Use it as a small durable memory layer around an agent:

  1. Call recall(query) before a non-trivial step to retrieve local context.
  2. Do the work against the real source of truth: files, tests, logs, or tools.
  3. Call learn(text, tags=...) after a material result, decision, or failure.
  4. Use relate(source, target, relation=...) when two records should reinforce each other on future recalls.

Keep private memory files out of git. The library stores user-provided text in plain JSONL by design so that the log is inspectable and easy to back up.

CLI Usage

Learn:

python -m smeha_memory learn --db local_memory.jsonl --kind note --tag assets "Assets must load before visibility."

Recall:

python -m smeha_memory recall --db local_memory.jsonl "asset visibility" --k 5

Status:

python -m smeha_memory status --db local_memory.jsonl

Relate two records:

python -m smeha_memory relate --db local_memory.jsonl SOURCE_ID TARGET_ID --relation supports --weight 0.8

MCP / Agent Integration

This repository intentionally ships no private MCP configuration.
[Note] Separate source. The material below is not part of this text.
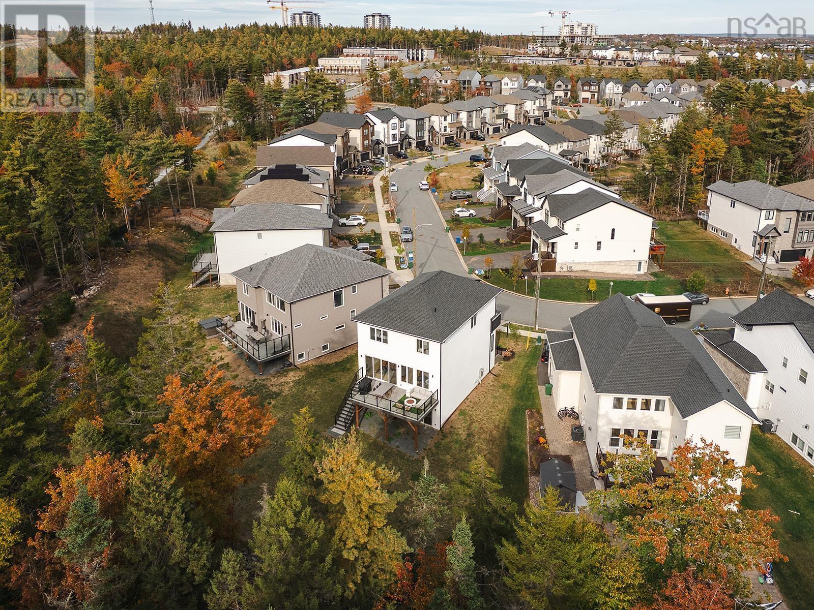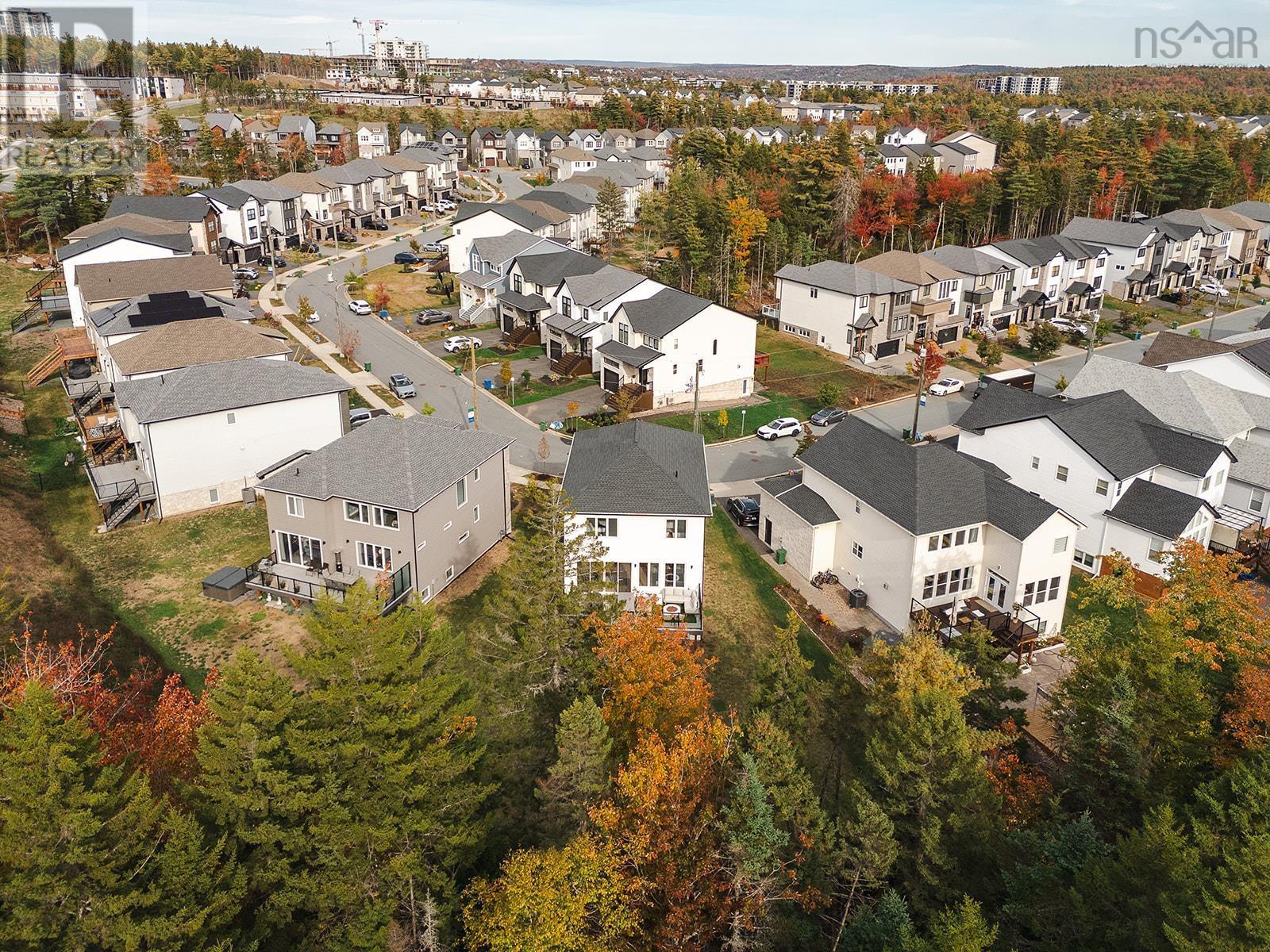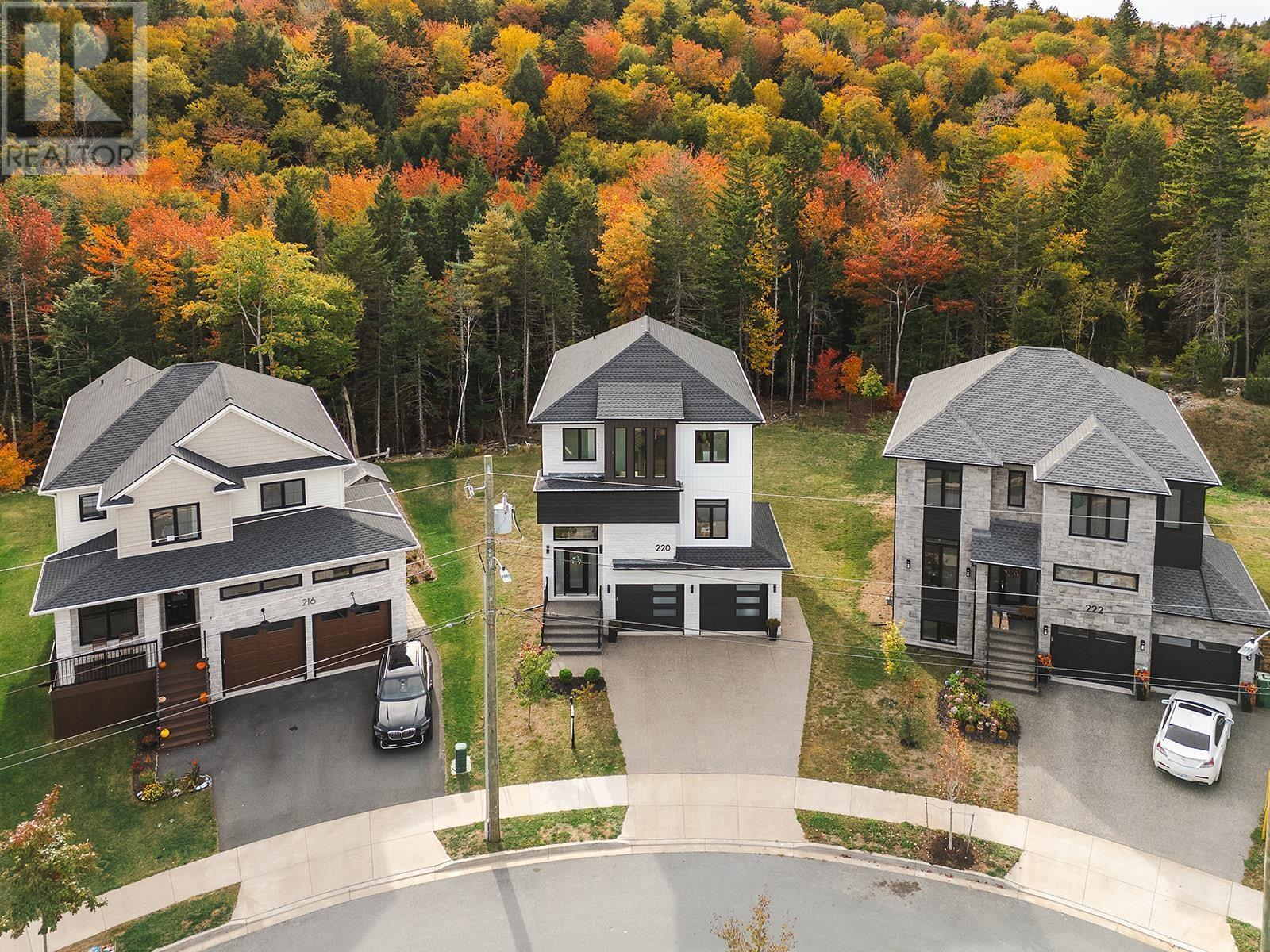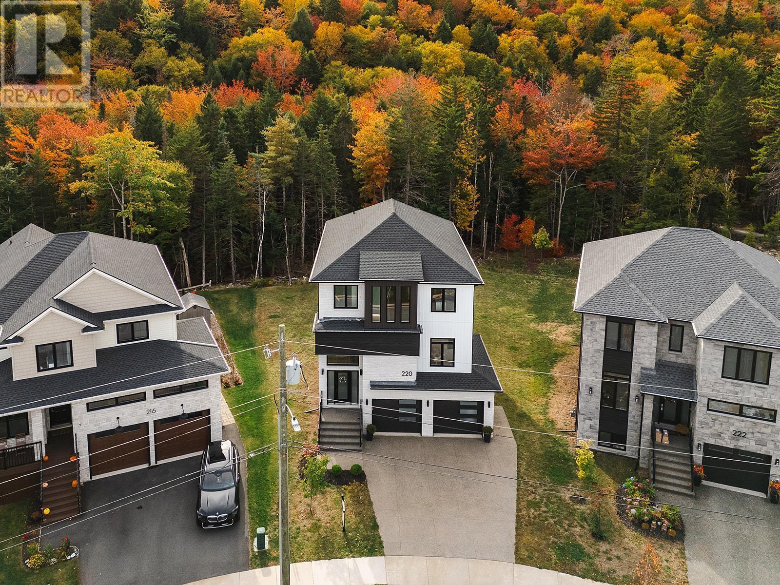 220 Talus is the one you've been waiting for! A truly stunning, 3-year-old Cresco custom build set on one of the most desirable and expansive lots in all of Brooklineat close to 16,000 sq/ft, its almost triple the size of the avg lot in the neighbourhood. This rare gem backs onto the protected Blue Mountain Birch Cove Wilderness Area, offering a direct path and truly unmatched backyard access to one of Nova Scotias most breathtaking trail systems. Inside, the attention to detail is evident in every corner. Enjoy beautiful engineered hardwood flooring, custom tiled backsplashes and top-of-the-line finishes and black stainless steel appliances. Step outside to your full-length composite back deck, complete with a staircase leading down to the spacious, landscaped backyarda perfect setup for family gatherings or future outdoor upgrades. Upstairs youll love having laundry on the upper level, but youre really going to love that each bedroom comes with its very own dedicated ensuite! No more sharing sinks or bathrooms! Downstairs, the walkout basement is an entertainers dream, featuring a gorgeous custom wet bar and seamless walkout patio doors to the outdoors. The oversized double car garage provides ample space for vehicles and storage. This home is also future-ready, with 400 amp service, roughed-in electrical for a future in-ground pool, solar panel readiness, and two EV charging stations already in place. Truly a one-of-a-kind opportunity in West Bedford. Dont miss your chancehomes like this dont come around often! (231957428)

To integrate it with an agent runtime, wrap SmehaMemory.open(path) behind your local tooling and expose three operations:

  • learn(text, kind=None, tags=[])
  • recall(query, k=8, tags=[])
  • record_observer_trace(target, observer, signal, summary, evidence=[])
  • record_outcome(target, status, summary, evidence=[])
  • build_active_context(query, k=8)
  • status()

Keep the JSONL file local unless you explicitly choose to share it.

Privacy And Safety

  • The package ships code only: no private database, exported graph, chat log, or runtime configuration.
  • The default embedder is local and deterministic, so examples do not call any external API.
  • Memory text is stored in plain JSONL for auditability. Put the JSONL file in a private path, back it up deliberately, and keep it out of git by default.
  • If you add an MCP wrapper or stronger embedder, keep credentials in your own secret store, not in this repository.

Tests

From a checkout without installing:

PYTHONPATH=src python -m unittest discover -s tests -v

On Windows PowerShell:

$env:PYTHONPATH = "src"; python -m unittest discover -s tests -v

Scope

This package is a small reference component. It is not a vector database, not a large-model runtime, and not a substitute for external verification. Use it as a readable base for local experiments and adapters.